Bahamas oolites - they turn black when put in an oven - the organic matter maturates.  Oolites have to have organic matter in the interior in order to do this.

Lots of cyanobacterial (apparently) borings occur in oolites.

Concentric banding in oolites consists of mucus band-aragonite needles-mucus band - aragonite needles, etc.  This is what causes oolite concentricity.  Concentricity is regular and periodic - don’t know why yet - may be a geochemical proceses.

Oolite aragonite needles are formed by nannobacteria.

Inorganic aragonite needles - have hexagonal shaped ends.  Can see crystal faces & edges.

Organic aragonite needles - have elliptical shaped ends.

Viruses are a little smaller than nannobacteria.

Some of the carbonate we see may have been precipitated by viruses.

Published Persian Gulf nannoballs from the 1970s - interpreted here as nannobacteria.

Ancient limestones - Triassic Portoro Limestone of Italy - etched samples have nannobacterial-sized balls also.

This has also been seen in Ordovician limestones and Australian Proterozoic limestones.

Dolomite crystals have been formed by nannobacteria - built layer on layer like billiard balls on a table.

Negatively charged cells walls attract Ca and Mg - get dolomite.

Laguna Madre, Texas dolomite - saw nannobacterial bodies.

There are non-nannobacterial constructed carbonates (dolomite, for example).

One can tell the difference between organic and inorganic dolomite.

Unwanted calcium deposits occur in the human body - nannobacteria turn out to be the cause.  Medical scientists have acknowledged the existence and validity of nannobacteria.  Non-medicine biologists tend not to.

Kidney stones & cataracts with calcification - nannobacteria are doing the work.

Arterial blockages of calcium phosphate - done by nannobacteria.

Nannobacteria can catch and lithify together red blood cells.

40 nm wide - the size of Martian nannobacterial strands - they are the size of life forms.

Can see the same nannobacteria in Martian rocks as on Earth.  There is extraterrestrial life.

Can see the same size range in nannobacterial balls from the Proterozoic to the modern.

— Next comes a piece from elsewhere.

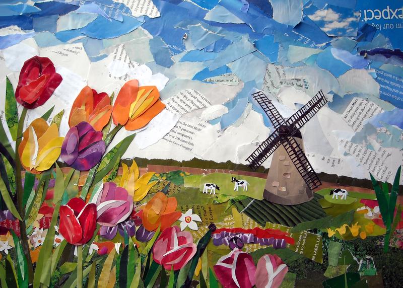 Thoughts: Mom says: This was made as a gift for Oma and Opa, Leslie's Dutch grandparents. The whole piece is created with magazine scraps, some ripped and some cut, even the windmill and the cows. The original is fading, but the print is exceptional (size 12" x 16".) Once someone looked at a framed print and argued it was the original because he could see the magazine paper peeling and curling. I told him it was a very good photograph print, but not the original, and he wouldn't believe me! The original is at Oma and Opa's house.

Even in non-etched samples, can see nannobacteria.  They are better seen in etched samples.  They are not artifacts of etching.

Precipitation is a by-product of nannobacterial physiology.

Charged cell walls attract cations.

Bacteria and nannobacteria are like humans - there’s lots of them, but there are very few in the Sahara vs. tons of them in New York City.  So, bacteria and nannobacteria have a patchy distribution on Earth - probably based on a patchy food distribution.

Theoretical arguments on the lower limit of life are based on unwarranted assumptions - you could have short DNA chains and very few ribosomes in a cells, despite the conclusions of an anti-nannobacteria conference in Washington D.C. in 1999.

The medical community mostly accepts the validity of nannobacteria.

Microbiologists mostly don’t accept the validity of nannobacteria yet.

Why aren’t these balls viruses?  Nannobacteria can be cultured without large bacterial cells present.  Viruses need other cells to reproduce.  They are clearly not viruses.